Material provided:
┌────────
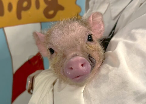 マイクロチップを装着し、日本獣医師会が管理するデータベースに登録。ブタさんが迷子になり保護されたときに身元確認が可能。
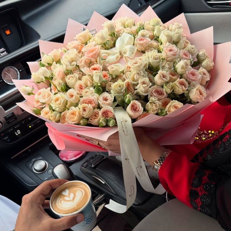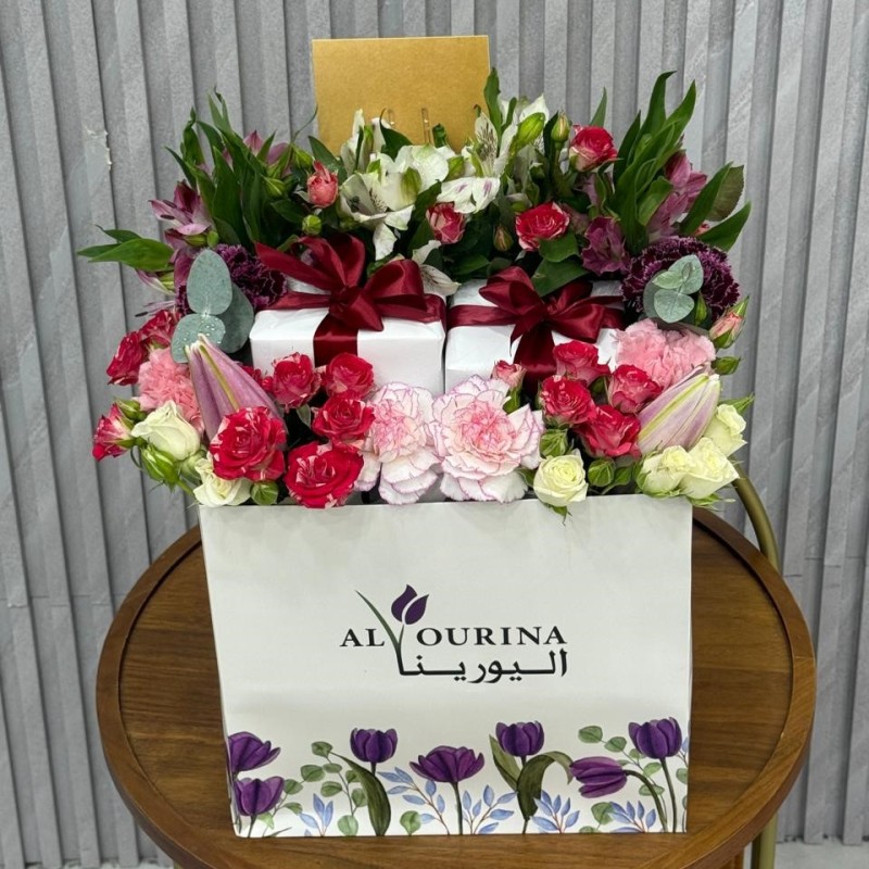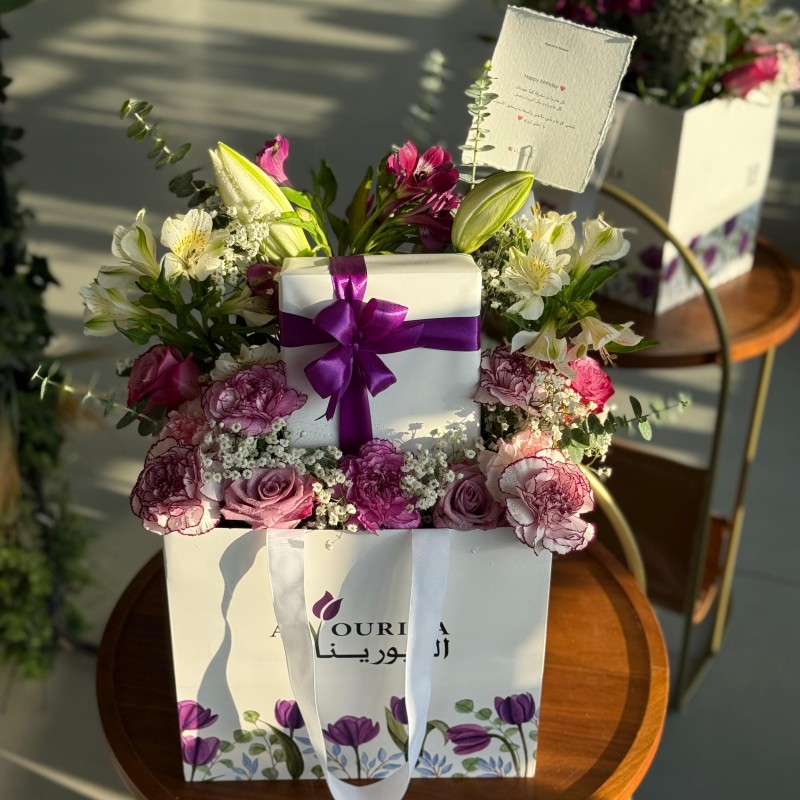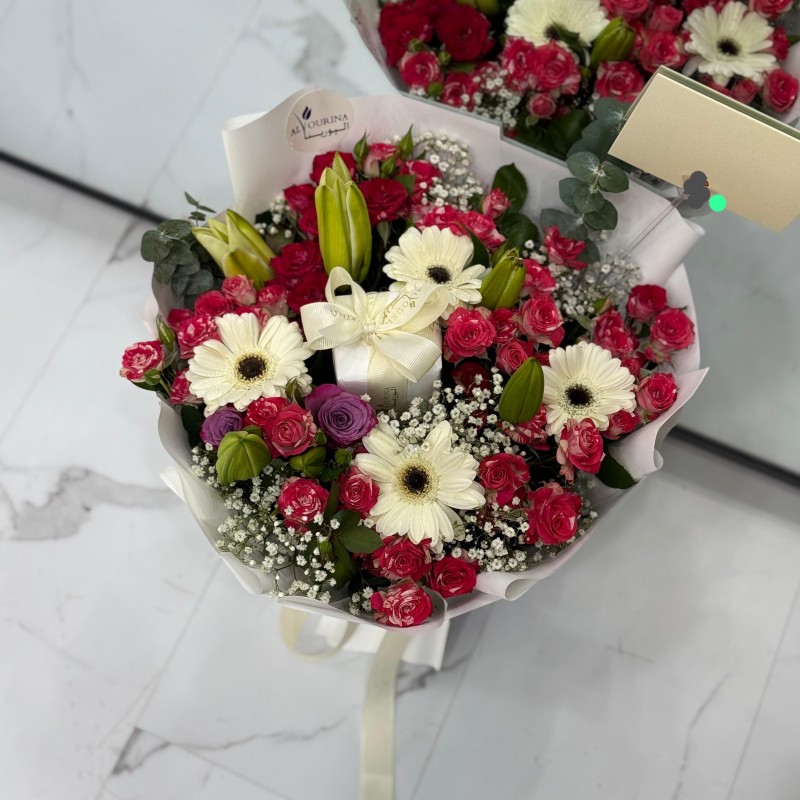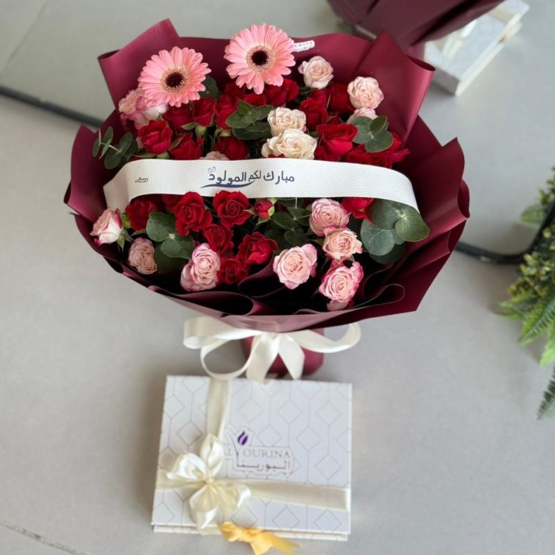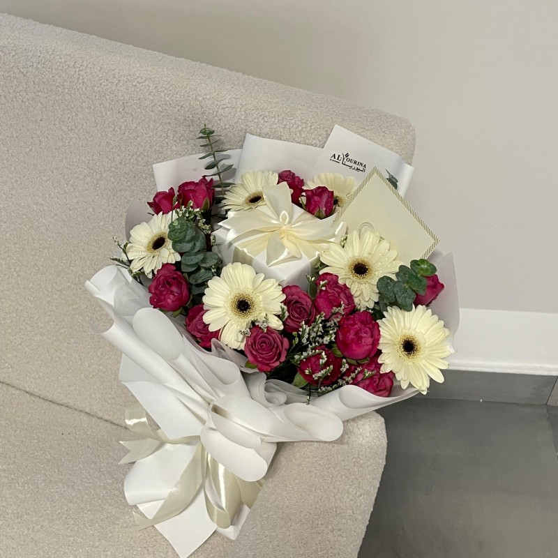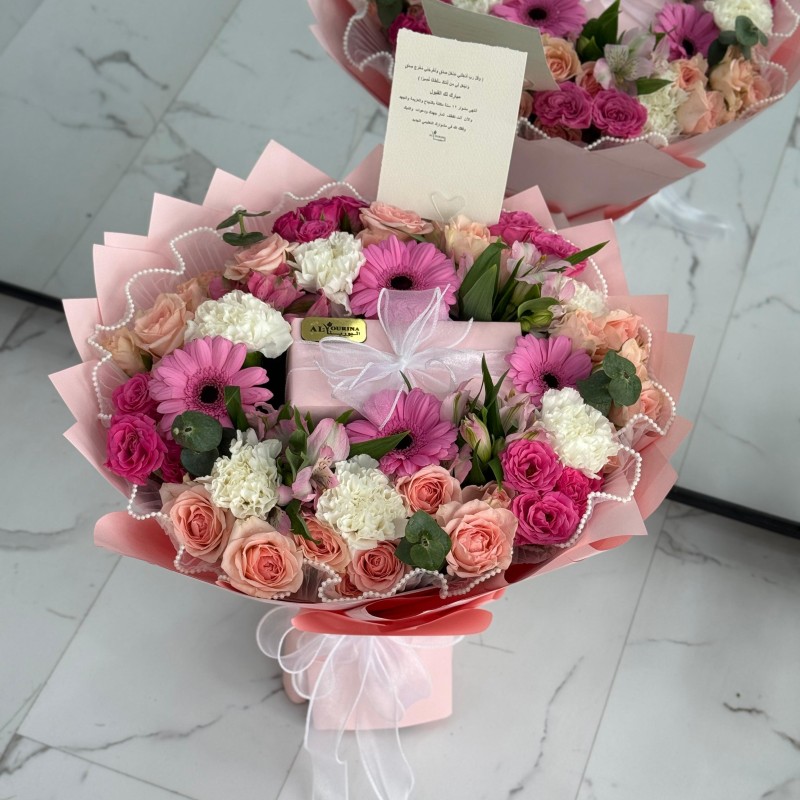 شكل أو حجم الباقة ونوع الورد ممكن يختلف حسب المتوفر. مدة تجهيز الطلب: من ساعة إلى 12 ساعة. تقدر تكتب بطاقة إهداء أو أي ملاحظة في خانة الملاحظات قبل ما تكمل الطلب.
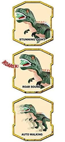 This toy features automated walking and realistic roar sound, along with a stunning LED light display featuring red, blue, and green lights along the clear spikes on its back and flashing eyes and tongue. It uses premium, durable, non-toxic, BPA-free vinyl and is certified to conform to US toy safety standards ASTM F963. Three AA batteries (not included) are required for operation.
└────────
Your instructions: Your output must reproduce the material above in full, with no pictures.

Your response:
 マイクロチップを装着し、日本獣医師会が管理するデータベースに登録。ブタさんが迷子になり保護されたときに身元確認が可能。
 شكل أو حجم الباقة ونوع الورد ممكن يختلف حسب المتوفر. مدة تجهيز الطلب: من ساعة إلى 12 ساعة. تقدر تكتب بطاقة إهداء أو أي ملاحظة في خانة الملاحظات قبل ما تكمل الطلب.
 This toy features automated walking and realistic roar sound, along with a stunning LED light display featuring red, blue, and green lights along the clear spikes on its back and flashing eyes and tongue. It uses premium, durable, non-toxic, BPA-free vinyl and is certified to conform to US toy safety standards ASTM F963. Three AA batteries (not included) are required for operation.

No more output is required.